GoogleCloudDataproc / spark-bigquery-connector

BigQuery data source for Apache Spark: Read data from BigQuery into DataFrames, write DataFrames into BigQuery tables.
Apache License 2.0
358 stars 189 forks source link

BIGNUMERIC Precision Handling: Inaccurate Decimal Values #1208

Closed nabeelq closed 1 month ago

nabeelq commented 2 months ago

Hello

we are facing below error while reading BIGNUMERIC data type field -

java.lang.IllegalArgumentException: BigNumeric precision is too wide (76), Spark can only handle decimal types with max precision of 38 at com.google.cloud.spark.bigquery.SchemaConverters.getStandardDataType(SchemaConverters.java:385) ~[spark-bigquery-with-dependencies_2.12-0.37.0.jar:na] at com.google.cloud.spark.bigquery.SchemaConverters.lambda$getDataType$3(SchemaConverters.java:340) ~[spark-bigquery-with-dependencies_2.12-0.37.0.jar:na] at java.util.Optional.orElseGet(Optional.java:267) ~[na:1.8.0_262] at com.google.cloud.spark.bigquery.SchemaConverters.getDataType(SchemaConverters.java:340) ~[spark-bigquery-with-dependencies_2.12-0.37.0.jar:na] at com.google.cloud.spark.bigquery.SchemaConverters.convert(SchemaConverters.java:286) ~[spark-bigquery-with-dependencies_2.12-0.37.0.jar:na] at java.util.stream.ReferencePipeline$3$1.accept(ReferencePipeline.java:193) ~[na:1.8.0_262] at java.util.Iterator.forEachRemaining(Iterator.java:116) ~[na:1.8.0_262] at java.util.Spliterators$IteratorSpliterator.forEachRemaining(Spliterators.java:1801) ~[na:1.8.0_262] at java.util.stream.AbstractPipeline.copyInto(AbstractPipeline.java:482) ~[na:1.8.0_262]

Spark Environment: Spark 3.3.1 with BigQuery connector version 0.37.0 .

Bigquery datatype - Screenshot 2024-04-08 at 1 20 05 PM

Note - In Bigquery, we have not defined any precision or scale for BIGNUMERIC datatype.

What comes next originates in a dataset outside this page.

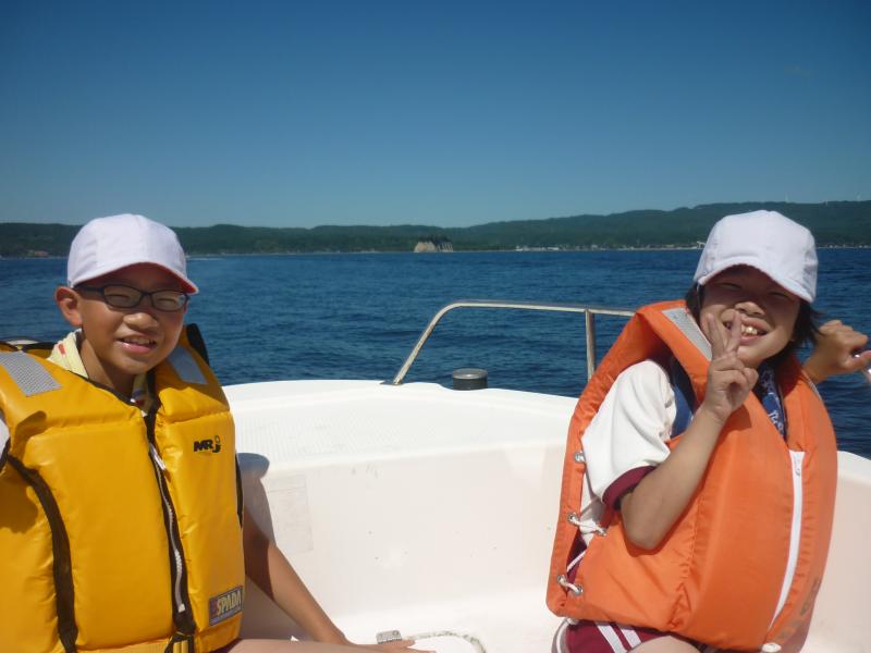 海から見たふるさとの緑の美しさ、水の美しさに感動したり、蛸島町の沖の水の色と宝立町の沖の水の色が違うこと、水の中の様子が違うことなど多くの発見をしました。また、海上保安庁の船からの放水も見学させてもらいました。子ども達は、船長さんに「海上保安庁ってどんな仕事をしているのですか?」と質問して、海の安全を守っていることを教えていただきました。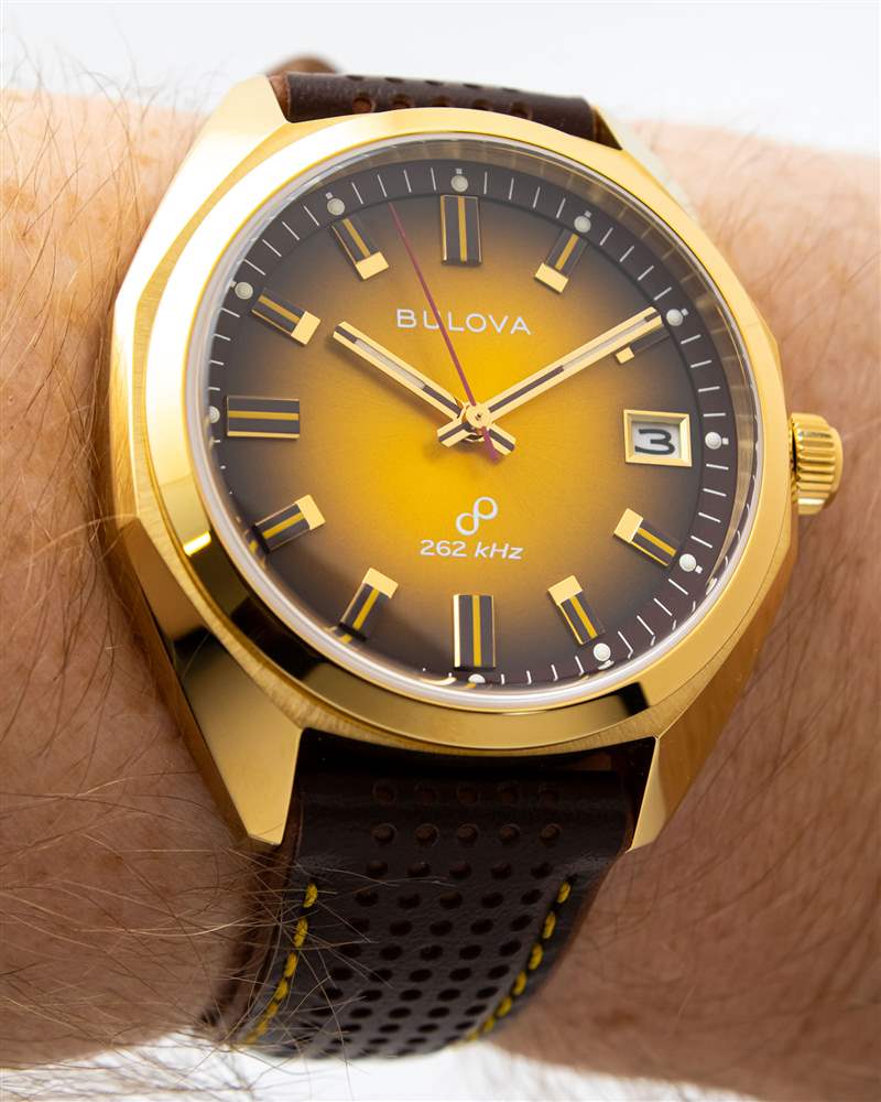 雖然 Bulova Jet Star 的表盤布局可能相對簡單,但正是這種簡單設計的執行使表盤脫穎而出。不銹鋼型號有深梅洛紅或限量版銀色可供選擇,但我們的金色評測型號配備了豐富、時髦的“奶油糖果”表盤配色。與傳統的明亮黃金色調不同,這款略帶紋理的旭日紋表盤以接近純蜂蜜顏色的近乎琥珀色色調開始。由于表盤的漸變效果,外部分鐘刻度逐漸變成深巧克力棕色,從而在表盤上呈現出美妙的暖色調。它一點也不微妙,就像巴里·吉布 (Barry Gibb) 身上的聚酯纖維西裝一樣,大約是 70 年代的風格,但這帶來了自己品牌的引人注目的魅力。簡單的條紋棒形指針和配套的棕色涂層立體時標避免了這種外觀過于復雜的情況,并牢牢地植根于其 70 年代祖先的背景,旁邊的 12 點鐘位置印有老式 Bulova 標志。一些純粹主義者可能會對 3 點鐘窗口使用白色日期輪表示不滿,但這在很大程度上也是正確的。稍微偏離表盤感覺的是紅色針秒針。這款指針每秒 16 次的流暢掃描與通常每秒一次的石英秒針相比是一個有趣的變化,但紅色調可以說太亮又太柔和,不適合真正的設計。雖然黑色或深棕色秒針可以干凈利落地融入整體調色板,寶路華 (Bulova) 的紅色顏色太暗、太柔和,無法真正形成有效的對比效果。更具活力的猩紅色很可能解決這個難題,同時保持當前風格不變。

davidrabinowitz commented 2 months ago

Hi @nabeelq ,

When not defining precision and scale for BIGNUMERIC, then it uses the default values which are (76, 38). Unfortunately, Spark's DECIMAL is hard coded to a smaller value, and both its precision and scale are limited to a maximum of 38. What is the actual use case for this field? What is the actual precision and scale do you need?

isha97 commented 1 month ago

@nabeelq Please reopen the issue with the requested information.